Есенин "открыл новую поэтическую "область", включив в границы поэзии все многообразие животного мира - не только давно опоэтизированных лебедей и журавлей, собак да коней, но всякую "живность", причем и в нарочито приземленной форме - кобели и суки, лошаденки и кобылы. Объединив в своем художественном мире живую и неживую природу, поэт так определил природную окраску и сострадательную тональность своих стихов: "Звериных стихов моих грусть Я кормил резедой и мятой" (1; 40-45).

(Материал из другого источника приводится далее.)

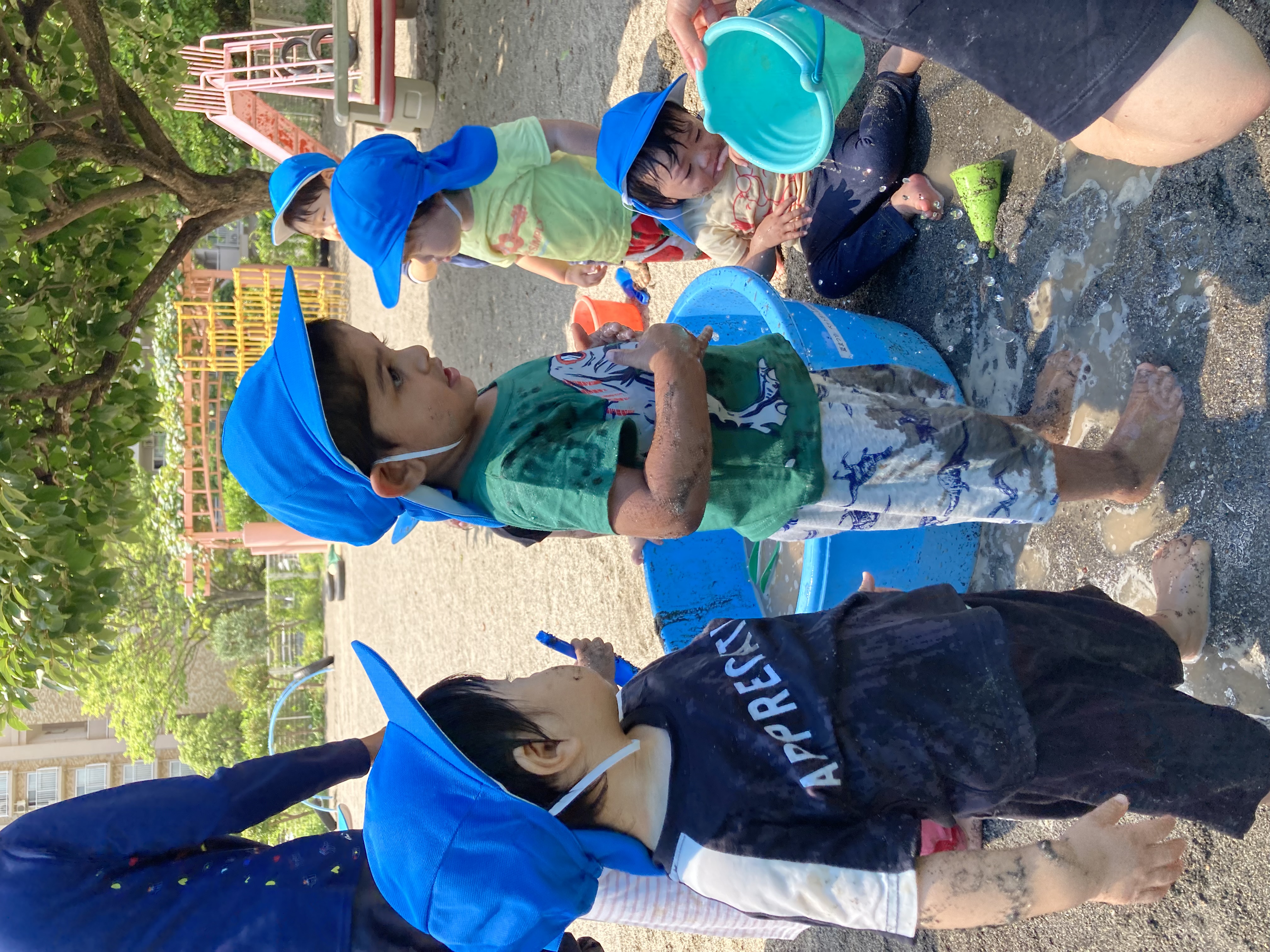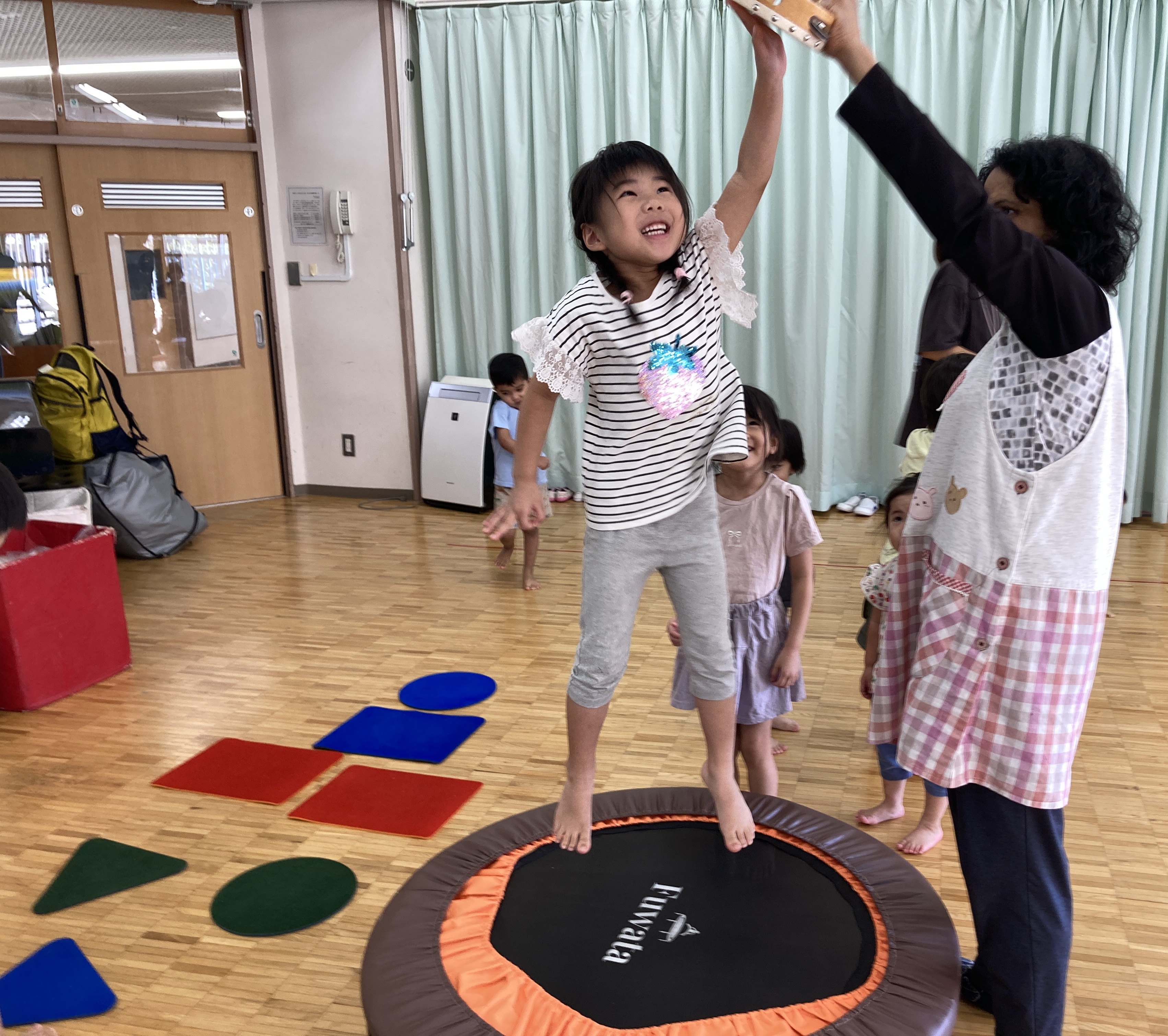 先週、紹介させて頂いた園庭やオープンスペースでは、乗り物に乗ったり、大玉遊びをしたり、トランポリンや巧技台遊びを楽しんでいます。

Способность сострадать всему живому прозвучала и в более позднем стихотворении Есенина - "Песня о хлебе" (1921):

Вот она, суровая жестокость,
Где весь смысл - страдания людей!
Режет серп тяжелые колосья,
Как под горло режут лебедей.

ПУТЬ К ПРИЗНАНИЮ

Переехав к отцу в Москву, Есенин мечтает о поэтическом поприще, но отец настаивал, чтобы сын занялся более надежным, чем писание стихов, делом. "Была великая распря!- делился Есенин с другом Г.Панфиловым в письме от 16 июня 1913 г.- Отец все у меня отнял, т.к. я до сих пор еще с ним не примирился. Я, конечно, не стал с ним скандалить, отдал ему все, но сам остался в безвыходном положении. Особенно душило меня безденежье, но я все-таки твердо вынес удар роковой судьбы, ни к кому не обращался и ни перед кем не заискивал..." (10; 2, 308)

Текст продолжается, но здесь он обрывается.